Task item => For the listing below, the answer is an exact retyping of the lines from the one with "Keep your home" through the one with "Cream High Rise Crop Wide Leg Jeans", both included, without pictures.

Material provided =>
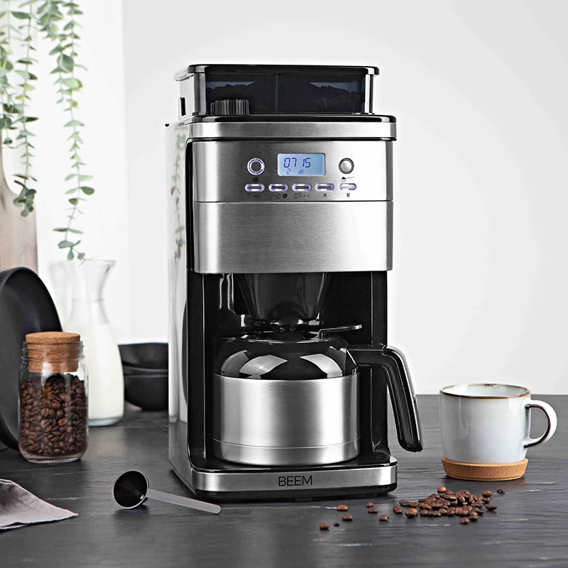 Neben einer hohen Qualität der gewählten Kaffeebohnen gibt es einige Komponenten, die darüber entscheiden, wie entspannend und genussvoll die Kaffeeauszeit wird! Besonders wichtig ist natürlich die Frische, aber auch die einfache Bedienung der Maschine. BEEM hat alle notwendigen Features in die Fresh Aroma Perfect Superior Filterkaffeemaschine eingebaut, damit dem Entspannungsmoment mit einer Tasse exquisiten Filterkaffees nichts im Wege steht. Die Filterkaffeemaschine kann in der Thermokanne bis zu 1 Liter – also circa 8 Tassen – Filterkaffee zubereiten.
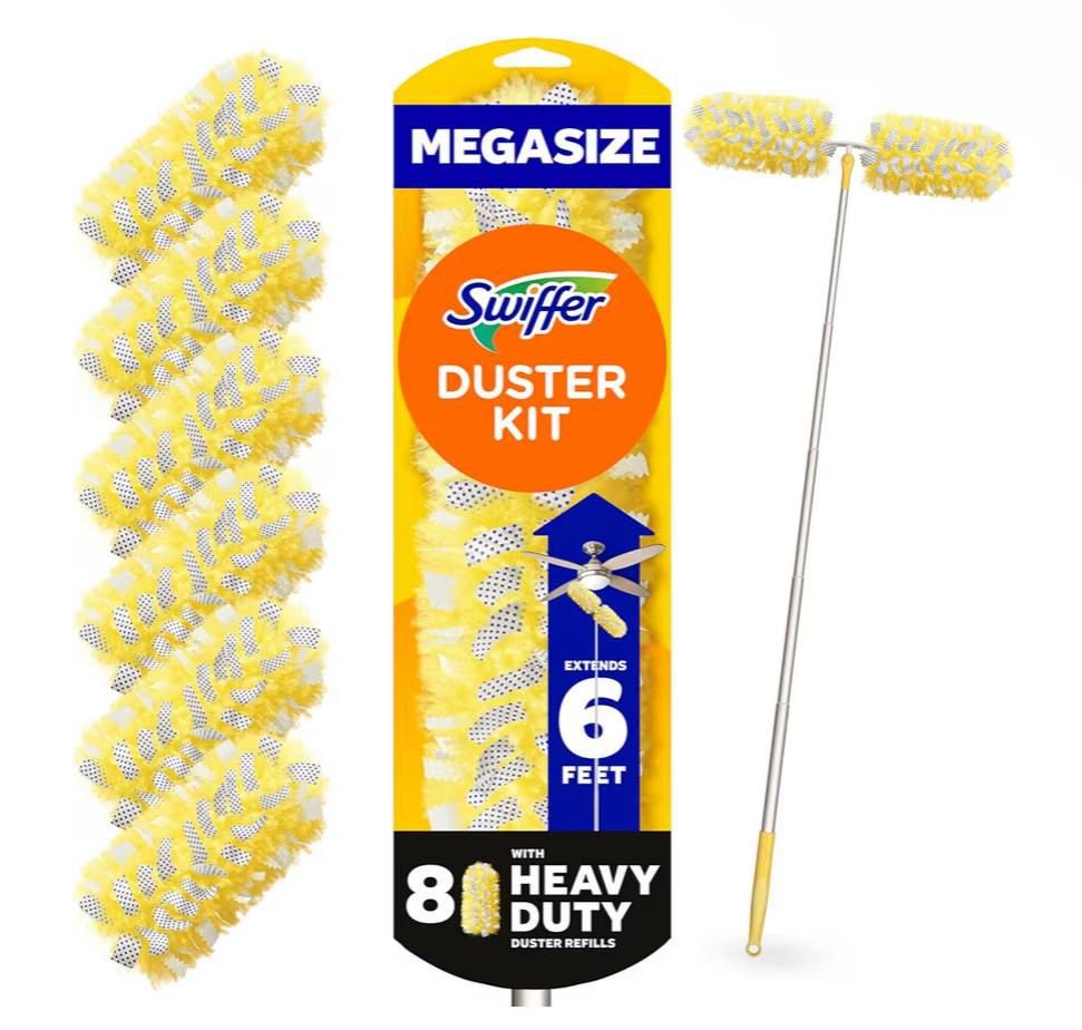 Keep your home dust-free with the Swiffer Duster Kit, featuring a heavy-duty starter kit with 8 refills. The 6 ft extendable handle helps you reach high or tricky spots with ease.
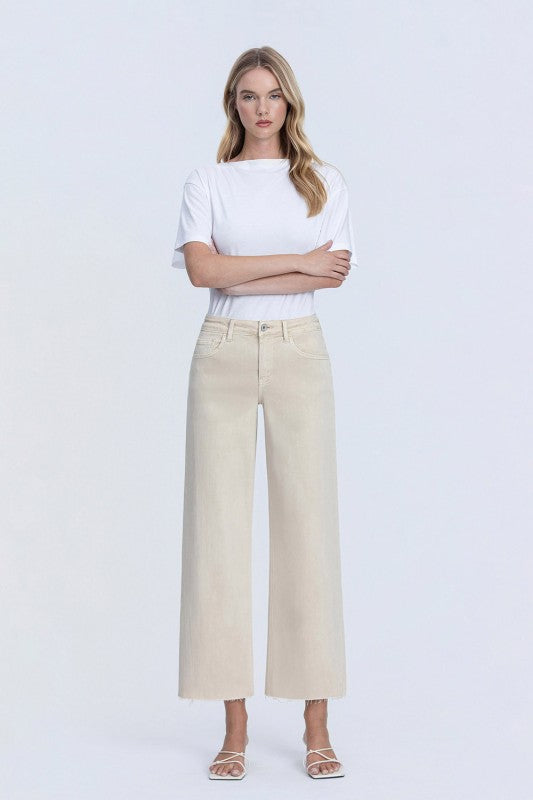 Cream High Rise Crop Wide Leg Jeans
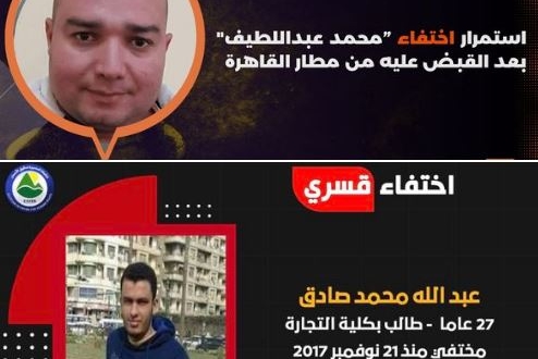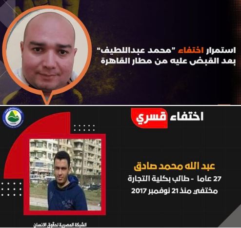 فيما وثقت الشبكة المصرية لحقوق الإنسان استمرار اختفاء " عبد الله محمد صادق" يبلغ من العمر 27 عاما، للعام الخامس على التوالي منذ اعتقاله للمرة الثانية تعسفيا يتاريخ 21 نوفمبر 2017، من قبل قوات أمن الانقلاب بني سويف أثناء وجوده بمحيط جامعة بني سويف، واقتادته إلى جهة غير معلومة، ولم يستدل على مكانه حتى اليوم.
---
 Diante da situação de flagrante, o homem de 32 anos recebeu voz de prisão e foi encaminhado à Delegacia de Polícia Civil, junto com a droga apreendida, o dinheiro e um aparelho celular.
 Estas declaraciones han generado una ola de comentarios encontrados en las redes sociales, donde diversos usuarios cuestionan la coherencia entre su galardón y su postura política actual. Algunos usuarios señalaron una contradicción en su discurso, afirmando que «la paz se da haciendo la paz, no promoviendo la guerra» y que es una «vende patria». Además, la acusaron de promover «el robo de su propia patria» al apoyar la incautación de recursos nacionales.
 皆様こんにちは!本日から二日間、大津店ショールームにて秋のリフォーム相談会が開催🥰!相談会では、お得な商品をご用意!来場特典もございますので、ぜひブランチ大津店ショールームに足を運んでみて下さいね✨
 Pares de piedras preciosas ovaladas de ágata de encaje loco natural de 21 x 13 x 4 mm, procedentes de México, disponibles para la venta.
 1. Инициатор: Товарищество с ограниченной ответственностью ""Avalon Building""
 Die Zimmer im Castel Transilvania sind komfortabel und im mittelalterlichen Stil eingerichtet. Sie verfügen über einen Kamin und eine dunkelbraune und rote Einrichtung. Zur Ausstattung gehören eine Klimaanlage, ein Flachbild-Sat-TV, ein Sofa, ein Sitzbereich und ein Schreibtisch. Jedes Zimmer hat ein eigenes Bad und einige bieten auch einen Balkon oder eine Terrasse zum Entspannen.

Response box =>
 Keep your home dust-free with the Swiffer Duster Kit, featuring a heavy-duty starter kit with 8 refills. The 6 ft extendable handle helps you reach high or tricky spots with ease.
 Cream High Rise Crop Wide Leg Jeans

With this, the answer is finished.